Commissioners Donald McGahn and Matthew Petersen arrived at the Hyatt Regency Hotel on Tuesday, dressed down compared to their usual formal attire at FEC public meetings.

The shaggy-haired McGahn, in jeans and a polo shirt, and Petersen, sporting a neater cut and wearing khakis with a button-down shirt, hung out Tuesday afternoon at the hotel with convention passes around their necks.

Both will head to the Tampa Bay Times Forum this evening to officially “observe” the proceedings—a tradition that’s not new. The FEC chairwoman, GOP Commissioner Caroline Hunter, is also in Tampa.

Each party’s nominating convention is partially paid for by the public–an amount upwards of $36 million, according to the latest estimates of the nonpartisan Congressional Research Service. The money comes from a voluntary earmark that taxpayers make when they check a box, designating funds for the presidential elections, on their tax forms. That public bankroll is administered by the FEC.

Though the commissioners are officially here as “observers,” McGahn joked that he is not quite sure how to accomplish the mission: Is he supposed to look around and say, that’s a permissible use of funds and that is not?

McGahn and Petersen are no strangers to politics. Appointed by President George W. Bush, McGahn was formerly a counsel to another Texas Republican, former House Majority Leader Tom DeLay, who is now fighting a conviction — and possible jail time — for election fraud. McGahn married DeLay spokeswoman Shannon Flaherty at a wedding the (reportedly weepy) former congressman attended.

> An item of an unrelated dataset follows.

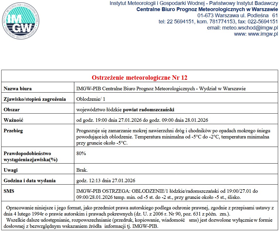OSTRZEŻENIE METEOROLOGICZNE NR 12
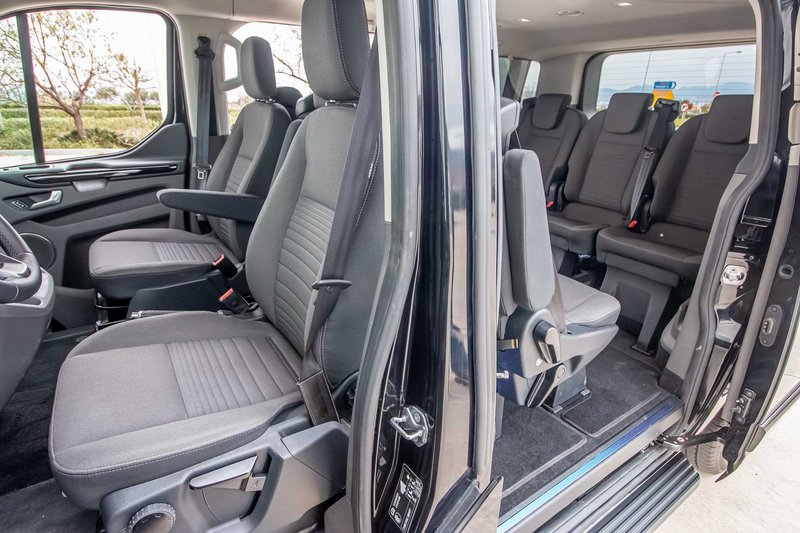 Αυτά με τα τεχνικά. Κατά τα λοιπά, έχουμε ένα όμορφο στην όψη αλλά μάλλον άχαρο σχεδιαστικά (λόγω χαρακτήρα) αμάξωμα που μπορεί να φιλοξενήσει μέχρι οκτώ επιβάτες και με αντικριστές τις δύο πίσω σειρές καθισμάτων. Ο στάνταρ εξοπλισμός περιλαμβάνει πλειάδα συστημάτων ασφάλειας, το σύστημα infotainment SYNC 3 της Ford με φωνητικό έλεγχο με έγχρωμη οθόνη αφής 8 ιντσών και μόντεμ FordPass Connect που παρέχει Wi-Fi για έως και 10 συσκευές. Ακόμα πιο βολικό είναι το app FordPass για πρόσβαση μέσω του smartphone σε λειτουργίες, όπως η κατάσταση του οχήματος, ο εντοπισμός του αυτοκινήτου και το εξ αποστάσεως κλείδωμα και ξεκλείδωμα.

Petersen was a counsel to the Senate Rules Committee. The two have been accused by their Democratic colleagues of having a hands-off attitude towards campaign finance law and by watchdog groups for failing to enforce election laws. McGahn has said that the law has changed considerably since the Supreme Court’s 2010 Citizens United decision.

In a break with historical precedents, the three Democratic commissioners will not be attending in Tampa, and the Republican officials may take a pass on Charlotte, McGahn said. In 2008, at least some of the commissioners attended their opposing party’s convention.

Is that a sign of the increased partisan polarization at the FEC, where Republican and Democratic commissioners have deadlocked so frequently that one election lawyer has called the agency “as good as dead?”

McGahn, an electric guitarist, shrugged off that suggestion, saying that if he skips the Charlotte convention, it will be because he has a young son. He and Petersen may still decide to drive down to Charlotte next week, he added.

Although the conservative McGahn would like to see the public funding of presidential campaigns ended, he did not offer an opinion as to whether taxpayers should be footing the bill for the nominating conventions. “It’s not really up to me,” he said.

He is more worried about the TV networks devoting fewer hours to broadcasting the conventions. McGahn said they should be showing more of the proceedings as a public service. After all, he noted, the networks get their licensing from the Federal Communications Commission.